> _Task prompt_
Below are entries with pictures among them; reproduce exactly, and only, the lines from the one containing "Effivet Ophthalmic Eye" down to the one containing "11월 코리아텅스텐 휴무일 안내 드립니다.", without the pictures.

**** Input for this task ****

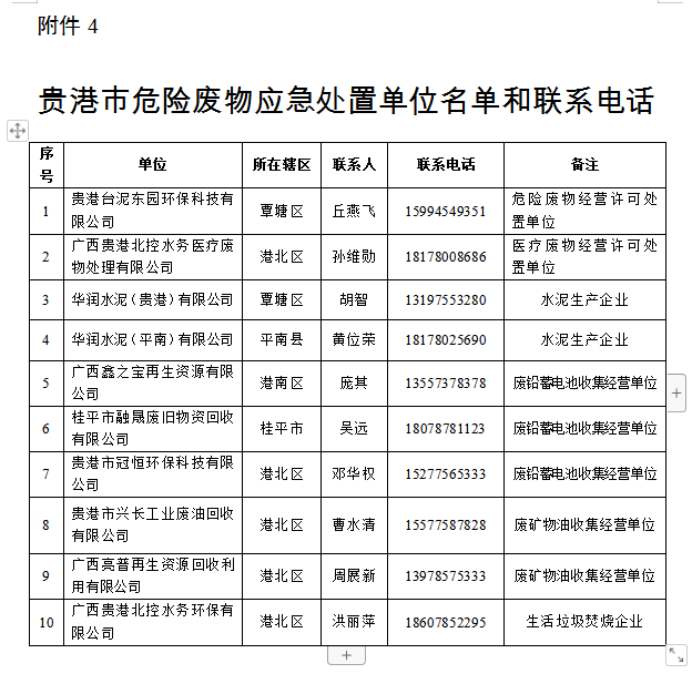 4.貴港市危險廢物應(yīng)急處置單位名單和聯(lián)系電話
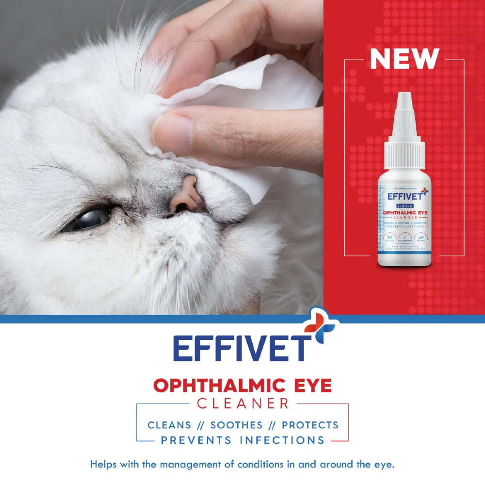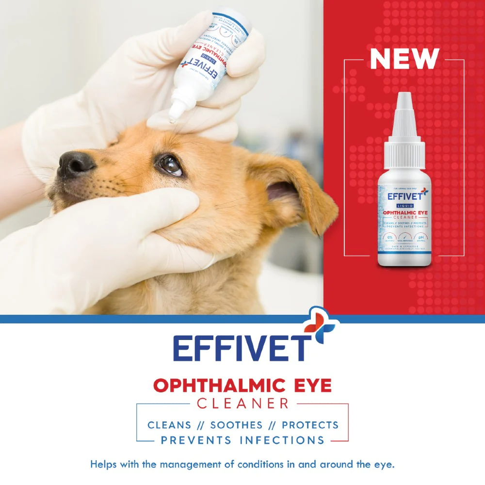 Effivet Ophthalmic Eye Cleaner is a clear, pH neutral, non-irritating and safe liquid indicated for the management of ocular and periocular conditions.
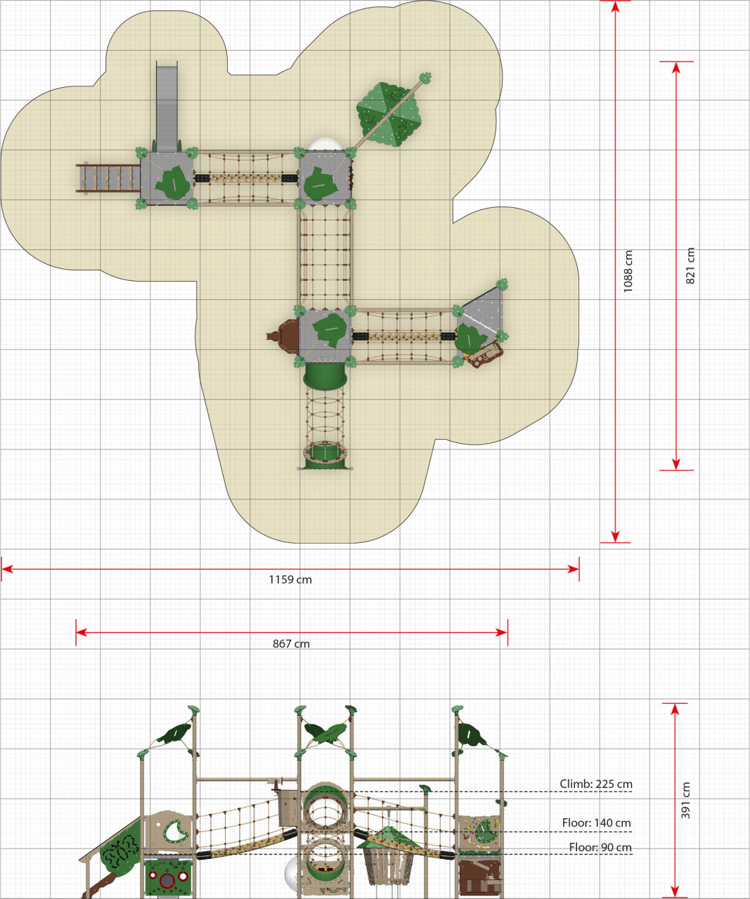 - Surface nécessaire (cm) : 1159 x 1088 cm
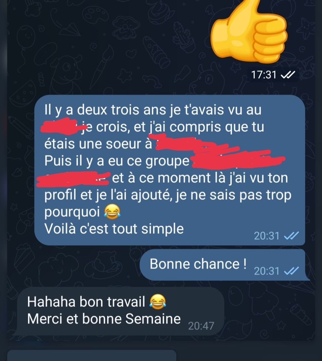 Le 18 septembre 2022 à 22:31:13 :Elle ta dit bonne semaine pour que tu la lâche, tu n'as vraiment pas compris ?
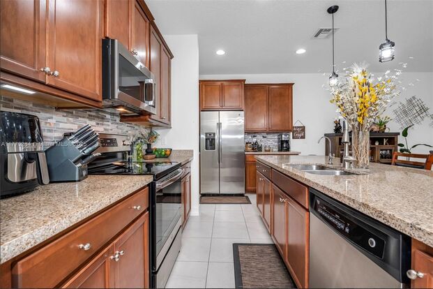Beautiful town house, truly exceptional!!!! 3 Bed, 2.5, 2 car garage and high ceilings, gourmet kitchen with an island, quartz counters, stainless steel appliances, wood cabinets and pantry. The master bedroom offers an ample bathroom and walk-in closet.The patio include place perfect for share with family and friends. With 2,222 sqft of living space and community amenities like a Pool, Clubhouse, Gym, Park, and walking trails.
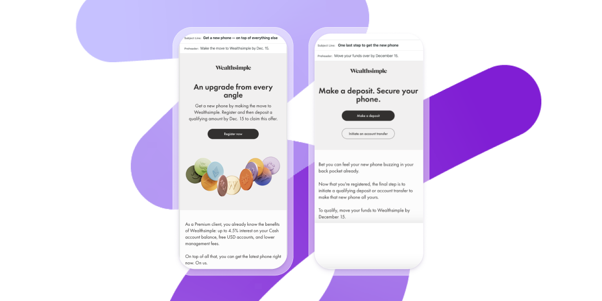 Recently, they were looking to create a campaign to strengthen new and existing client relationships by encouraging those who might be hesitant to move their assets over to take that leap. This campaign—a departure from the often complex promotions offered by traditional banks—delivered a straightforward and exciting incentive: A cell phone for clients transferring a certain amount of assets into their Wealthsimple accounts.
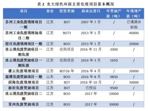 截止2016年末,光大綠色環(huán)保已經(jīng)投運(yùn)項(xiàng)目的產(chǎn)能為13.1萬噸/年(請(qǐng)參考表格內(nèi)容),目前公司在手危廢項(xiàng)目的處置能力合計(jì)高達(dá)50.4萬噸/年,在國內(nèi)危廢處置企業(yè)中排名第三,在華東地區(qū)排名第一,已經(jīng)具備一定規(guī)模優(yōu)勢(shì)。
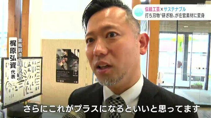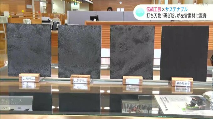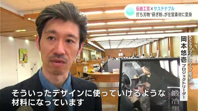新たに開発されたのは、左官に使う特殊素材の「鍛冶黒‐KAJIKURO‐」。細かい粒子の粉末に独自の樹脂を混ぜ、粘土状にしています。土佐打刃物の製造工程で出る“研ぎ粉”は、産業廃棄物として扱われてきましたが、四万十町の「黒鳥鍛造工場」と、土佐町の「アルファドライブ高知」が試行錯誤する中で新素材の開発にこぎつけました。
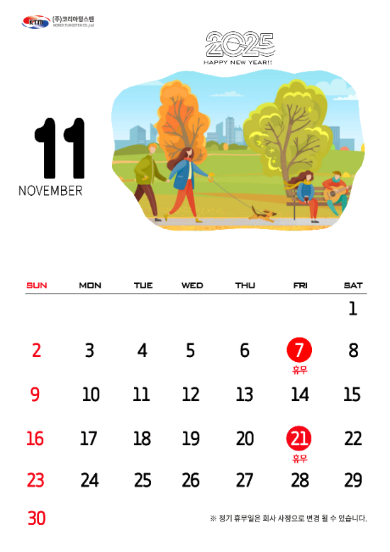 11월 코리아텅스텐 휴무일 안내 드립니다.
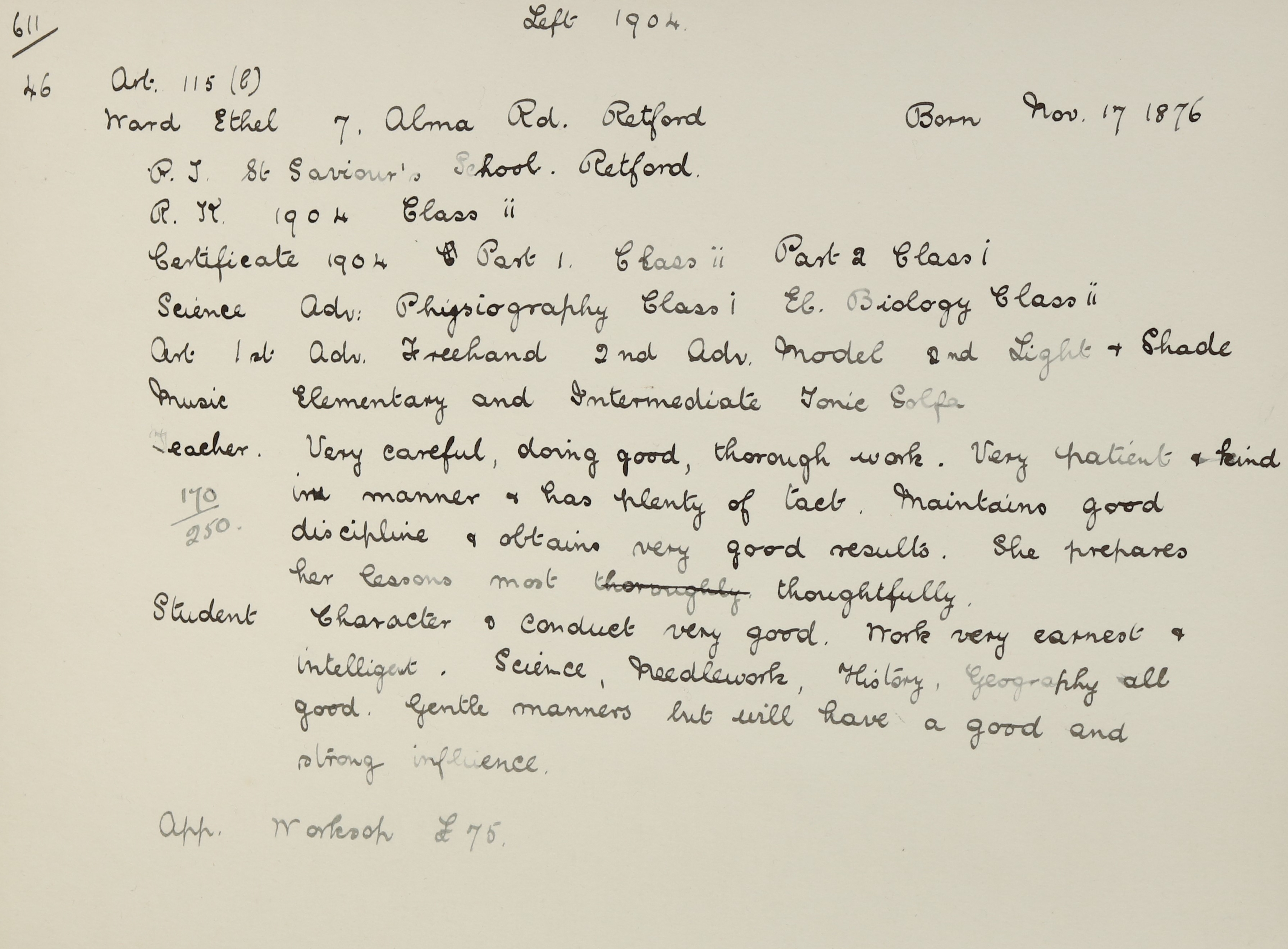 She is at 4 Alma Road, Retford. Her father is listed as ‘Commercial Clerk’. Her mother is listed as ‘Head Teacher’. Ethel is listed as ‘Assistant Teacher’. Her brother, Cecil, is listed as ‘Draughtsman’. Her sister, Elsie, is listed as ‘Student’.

****
**** Input for this task ****

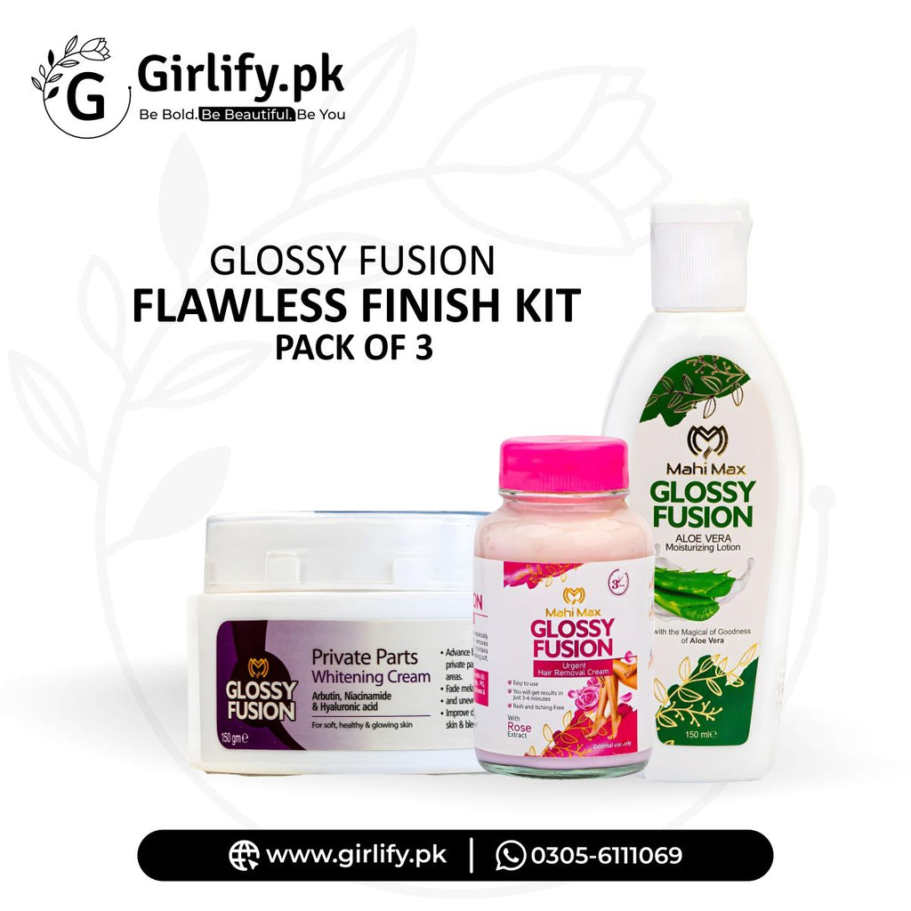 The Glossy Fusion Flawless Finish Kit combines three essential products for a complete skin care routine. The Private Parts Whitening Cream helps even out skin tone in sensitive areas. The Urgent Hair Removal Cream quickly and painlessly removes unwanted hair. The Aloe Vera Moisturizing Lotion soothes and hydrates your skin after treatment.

****

> _The completed task_
 Effivet Ophthalmic Eye Cleaner is a clear, pH neutral, non-irritating and safe liquid indicated for the management of ocular and periocular conditions.
 - Surface nécessaire (cm) : 1159 x 1088 cm
 Le 18 septembre 2022 à 22:31:13 :Elle ta dit bonne semaine pour que tu la lâche, tu n'as vraiment pas compris ?
Beautiful town house, truly exceptional!!!! 3 Bed, 2.5, 2 car garage and high ceilings, gourmet kitchen with an island, quartz counters, stainless steel appliances, wood cabinets and pantry. The master bedroom offers an ample bathroom and walk-in closet.The patio include place perfect for share with family and friends. With 2,222 sqft of living space and community amenities like a Pool, Clubhouse, Gym, Park, and walking trails.
 Recently, they were looking to create a campaign to strengthen new and existing client relationships by encouraging those who might be hesitant to move their assets over to take that leap. This campaign—a departure from the often complex promotions offered by traditional banks—delivered a straightforward and exciting incentive: A cell phone for clients transferring a certain amount of assets into their Wealthsimple accounts.
 截止2016年末,光大綠色環(huán)保已經(jīng)投運(yùn)項(xiàng)目的產(chǎn)能為13.1萬噸/年(請(qǐng)參考表格內(nèi)容),目前公司在手危廢項(xiàng)目的處置能力合計(jì)高達(dá)50.4萬噸/年,在國內(nèi)危廢處置企業(yè)中排名第三,在華東地區(qū)排名第一,已經(jīng)具備一定規(guī)模優(yōu)勢(shì)。
新たに開発されたのは、左官に使う特殊素材の「鍛冶黒‐KAJIKURO‐」。細かい粒子の粉末に独自の樹脂を混ぜ、粘土状にしています。土佐打刃物の製造工程で出る“研ぎ粉”は、産業廃棄物として扱われてきましたが、四万十町の「黒鳥鍛造工場」と、土佐町の「アルファドライブ高知」が試行錯誤する中で新素材の開発にこぎつけました。
 11월 코리아텅스텐 휴무일 안내 드립니다.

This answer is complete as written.